Assessment of water quality of the Shatt Al-Arab River, using multivariate statistical technique

Mohammad S. Moyel

Mesopotamia Environmental Journal بيئة وادي الرافدين
ISSN: 24102598 Year: 2014 Volume: 1 Issue: 1 Pages: 39-46
Publisher: Babylon University جامعة بابل


This paper presents the results of statistical analysis of a set of physico-chemical water quality parameters, monthly collected from December 2012 to November 2013 at seven sampling stations spread over the Shatt Al-Arab River. Seventeen parameters were treated using Multivariate statistical technique; principal component analysis (PCA) and cluster analysis (CA) were applied for the evaluation and interpretation of a water quality data set for the Shatt Al-Arab River. The results of PCA identified four latent factors, which are responsible for the data structure explaining 78.64% of the total variance of the dataset these factors are: Water mineralization, Seasonal effect of temperature and organic pollution, Nutrients content and water visibility.
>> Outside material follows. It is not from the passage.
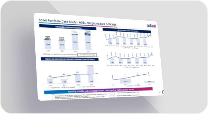 Adani Portfolio - Case Study - AGEL mitigating rate & FX risk 28 Note – 1. Debt Outstanding = Closing INR Debt – Derivative assets/ Other comprehensive income – Hedge Reserve I Cash available for servicing = RG1 EBIDTA + RG2 EBIDTA + AGEL Holdco FCFE 2. Assumed the USD /INR Exchange rate for 11 th October, 2022 @ INR 82.39 is constant till 31 st March, 2023 Negative gap between unhedged and hedged servicing Positive gap between unhedged and hedged servicing 559 478 1,097 2,136 676 892 1,127 1,107 2020 2021 2022 2023 Total Servicing + MTM (if not hedged) Total Actual servicing Aligning the cash outflow and making it predictable through full hedging ...in fluctuating market environment 7,094 7,015 12,324 12,198 396 178 621 1,641 7,491 7,193 12,945 13,838 2020 2021 2022 2023 AGEL Debt o/s AGEL Unhedged notional Exposure AGEL Debt o/s (w/o hedge) Stable and predictable closing liability... Assuring a stable and predictable credit coverage in a highly volatile market 1.73 x 1.79 x 1.78 x 1.81 x 1.83 x 1.82 x 69.46 70.69 70.90 75.39 75.47 73.80 73.67 73.50 72.99 74.26 75.72 75.79 77.84 82.40 1.00 1.20 1.40 1.60 1.80 2.00 2.20 2.40 60.00 65.00 70.00 75.00 80.00 85.00 Jun-19 Sep-19 Dec-19 Mar-20 Jun-20 Sep-20 Dec-20 Mar-21 Jun-21 Sep-21 Dec-21 Mar-22 Jun-22 Dec-22 RG1 PLCR Ex Rate 1.78 x 1.79 x 1.80 x 1.81 x 1.75 x 71.32 75.39 76.27 73.80 73.27 73.50 75.17 74.26 75.30 75.79 76.22 82.40 1.00 1.20 1.40 1.60 1.80 2.00 2.20 2.40 64.00 66.00 68.00 70.00 72.00 74.00 76.00 78.00 80.00 82.00 84.00 Oct-19 Mar-20 Apr-20 Sep-20 Oct-20 Mar-21 Apr-21 Sep-21 Oct-21 Mar-22 Apr-22 Oct-22 RG2 PLCR Ex Rate 7.18 x 3.33 x 73.65 75.79 79.67 82.40 0.00 2.00 4.00 6.00 8.00 10.00 12.00 14.00 16.00 18.00 68.00 70.00 72.00 74.00 76.00 78.00 80.00 82.00 84.00 Sep-21 Mar-22 Sep-22 Mar-23 Debt/ FCFE Ex Rate
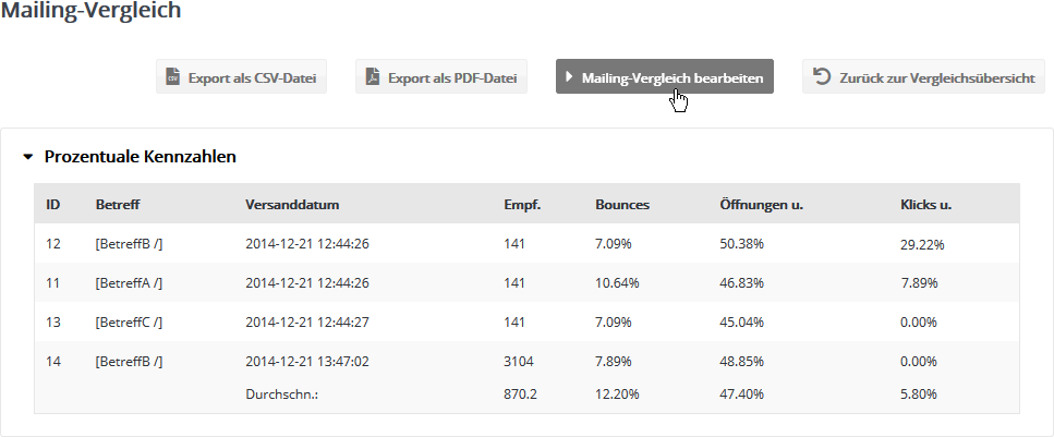 In der Ergebnis-Anzeige haben Sie über die entsprechenden Buttons die Möglichkeit, die Daten des Mailing-Vergleichs wahlweise als CSV-Datei oder im zuvor gewählten Report-Design als PDF-Datei herunterzuladen, sowie die Einstellungen des Mailing-Vergleichs noch einmal zu bearbeiten.

CA showed four different groups of similarity between the sampling stations reflecting the different physicochemical characteristics features and natural background sources types. This study suggests that PCA and CA techniques are useful tools for identification of important surface water quality monitoring stations and parameters.


water quality assessment --- multivariate statistical technique --- Shatt Al-Arab River --- Iraq.